Before you can use this package, you need to ensure that you have a
version of Python from 3.5 to 3.7 installed, as well as the Python
package pyOpenMS
(at least version 2.4.0). Python installers can be
downloaded from the Python downloads page
here, and pyOpenMS
can be
installed from PyPI by running pip install pyopenms
in a
Python-enabled shell (e.g. bash, cmd, etc.).
You can install the development version of msFeatureCmp from GitHub with:
require("devtools")
devtools::install_github("ychen-uoft/msFeatureCmp", build_vignettes = TRUE)
library("msFeatureCmp")
To run the Shiny app:
runMsFeatureCmp()
If R has trouble finding the correct Python environment (and you have
checked that all the Python prerequisites outlined above have been
installed properly), then you can set it by hand with
Sys.setenv(RETICULATE_PYTHON = "<path to the correct Python binary>")
before installing the package.
ls("package:msFeatureCmp")
msFeatureCmp
contains six public functions for enabling feature
comparisons, analysis, and visualization. The primary function is
compareFeatures
, which takes two feature sets and compares the
features between them. This allows users to check things like which
features in the first set also occur in the second, and how many
features are in common. The function getFeatureByIdx
is a simple
interface to a featureXML file, and allows users to select a feature in
the file (by its index) to get its retention time, mass-to-charge, and
signal intensity values.
The function plotRawData
loads a single raw mass spectrometry data
file and uses it to draw a 2D scatter plot. The function
plotSingleFeatureSet
loads a single feature set and uses it to draw a
2D scatter plot with colouring to simulate three dimensions. The
function plotTwoFeatureSets
loads two feature sets and plots both at
the same time (with different colours for differentiation). The function
plotFeatureSetOnRawData
loads a single raw mass spectrometry data file
and a single feature set and plots both at the same time (with different
colours for differentiation).
Warning: depending on the size of the data, some of these functions may take a few minutes to execute.

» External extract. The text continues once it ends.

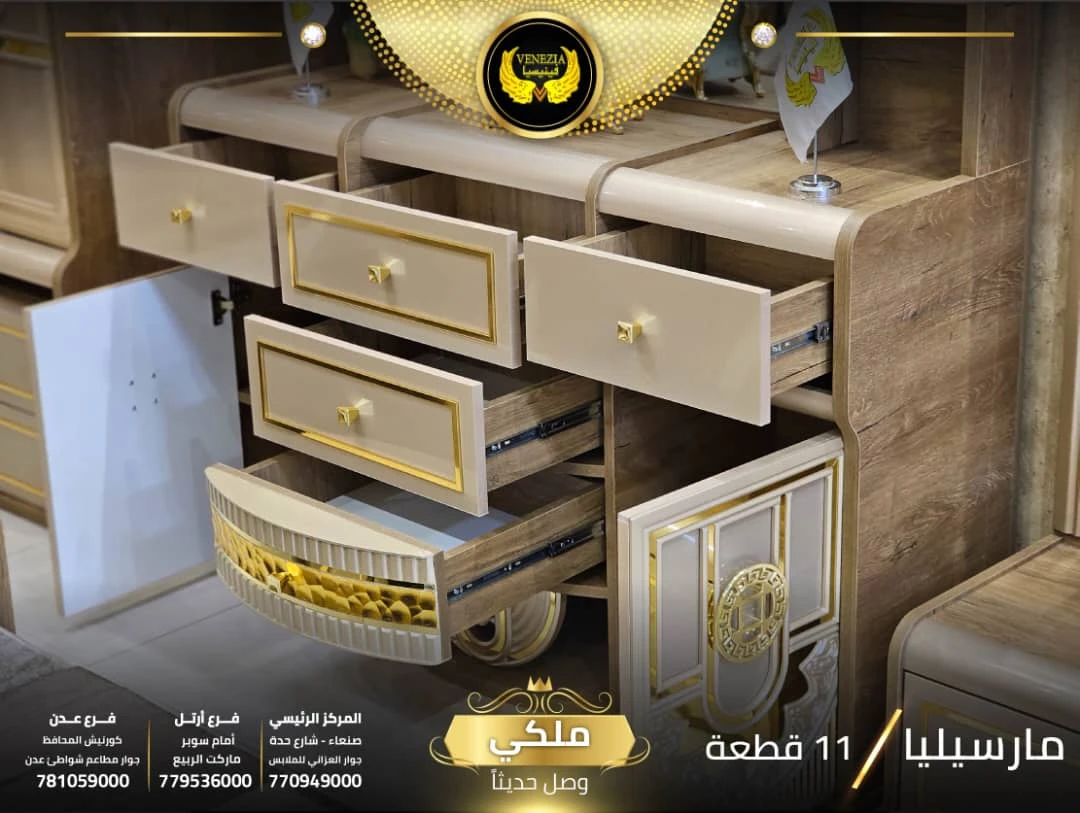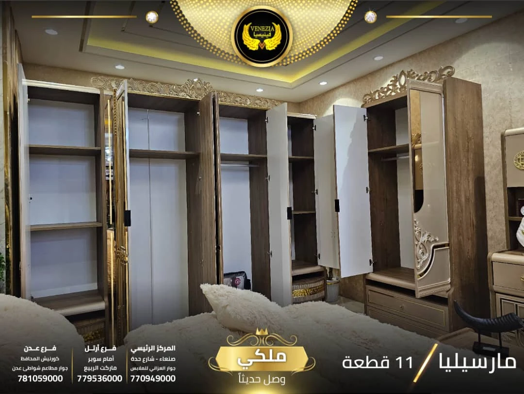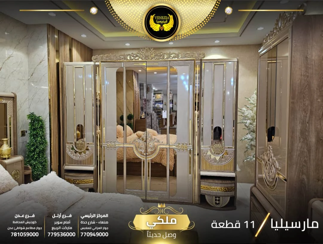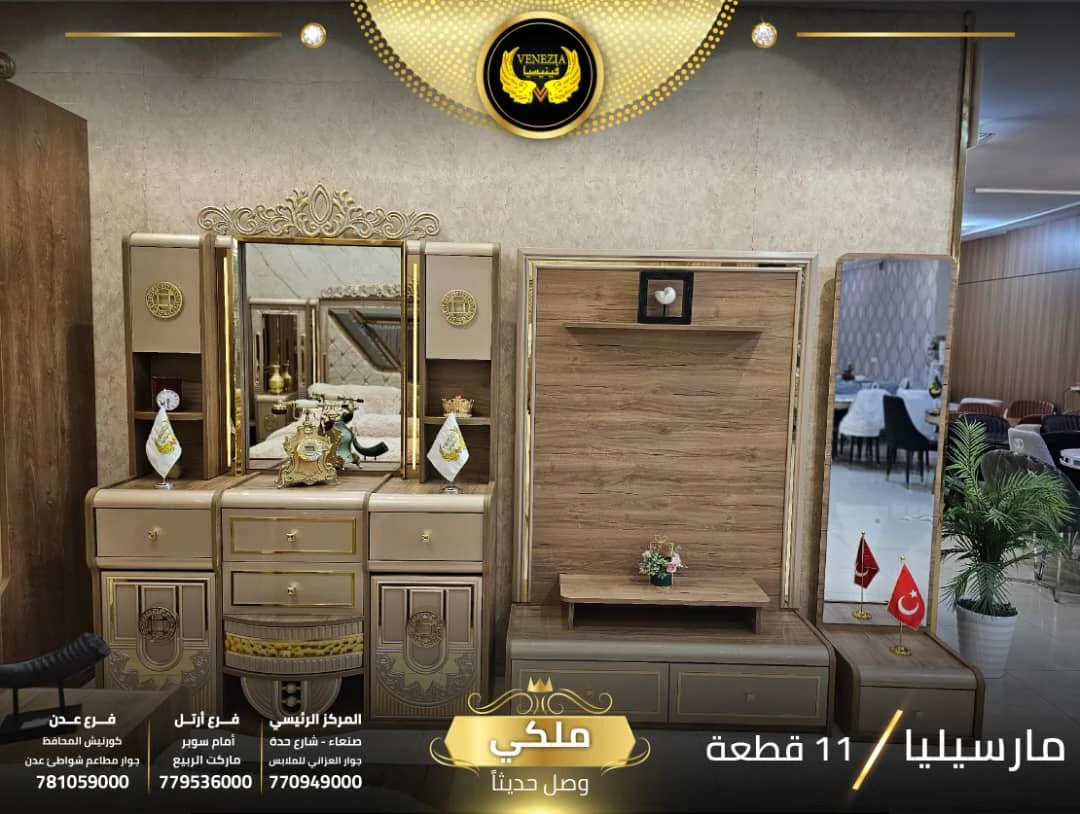 احصل على لمسة فاخرة في منزلك مع غرفة نوم تركي 11 قطعة من شركة فينيسيا مودرن، المصممة بجودة عالية وتشطيبات أنيقة تضيف جمالًا عصريًا لغرفة النوم.

For more details, refer to the package vignette.
browseVignettes("msFeatureCmp")
An overview of the package is illustrated below.
The package tree structure is provided below.
msFeatureCmp
├── DESCRIPTION
├── LICENSE
├── NAMESPACE
├── R
│ ├── comparator.R
│ ├── plotting.R
│ └── utils.R
├── README.Rmd
├── README.md
├── inst
│ ├── CITATION
│ └── extdata
│ ├── 20190122_HeLa_QC_Slot1-47_1_3228_800-810.mzML
│ ├── featureSetA.featureXML
│ ├── featureSetB.featureXML
│ └── overview.png
├── man
│ ├── compareFeatures.Rd
│ ├── convertFeaturesToSortedMatrix.Rd
│ ├── findFirstFeature.Rd
│ ├── generateFeatureDataFrame.Rd
│ ├── generateMSDataFrame.Rd
│ ├── getFeatureByIdx.Rd
│ ├── loadFeatureFile.Rd
│ ├── loadMSFile.Rd
│ ├── plotFeatureSetOnRawData.Rd
│ ├── plotRawData.Rd
│ ├── plotSingleFeatureSet.Rd
│ ├── plotTwoFeatureSets.Rd
│ ├── similarFeatures.Rd
│ ├── sortMatrixByColumn.Rd
│ └── withinThreshold.Rd
├── msfeaturecmp.Rproj
├── tests
│ ├── testthat
│ │ ├── test-public.R
│ │ └── test-utils.R
│ └── testthat.R
└── vignettes
└── Introduction.Rmd
The author of this package is Yijia Chen. All of the functions in this
package rely on the R package reticulate
(which imports the Python
package pyOpenMS
) in order to access the OpenMS mass spectrometry APIs
(e.g. to load the raw MS data into memory), but no other R packages
provide additional functionality (i.e. all algorithms were designed and
implemented by hand).
The example mzML file (raw MS data, in “inst/extdata”) was downloaded
from EMBL-EBI’s PRIDE archive as a Bruker (MaxQuant) d file, converted
to the open-source OpenMS mzML format using the Python package
diapysef
, and cut to an arbitrary 10-second slice (in this case,
800s-810s) from the entire 2-hour run using OpenMS’s FileFilter tool.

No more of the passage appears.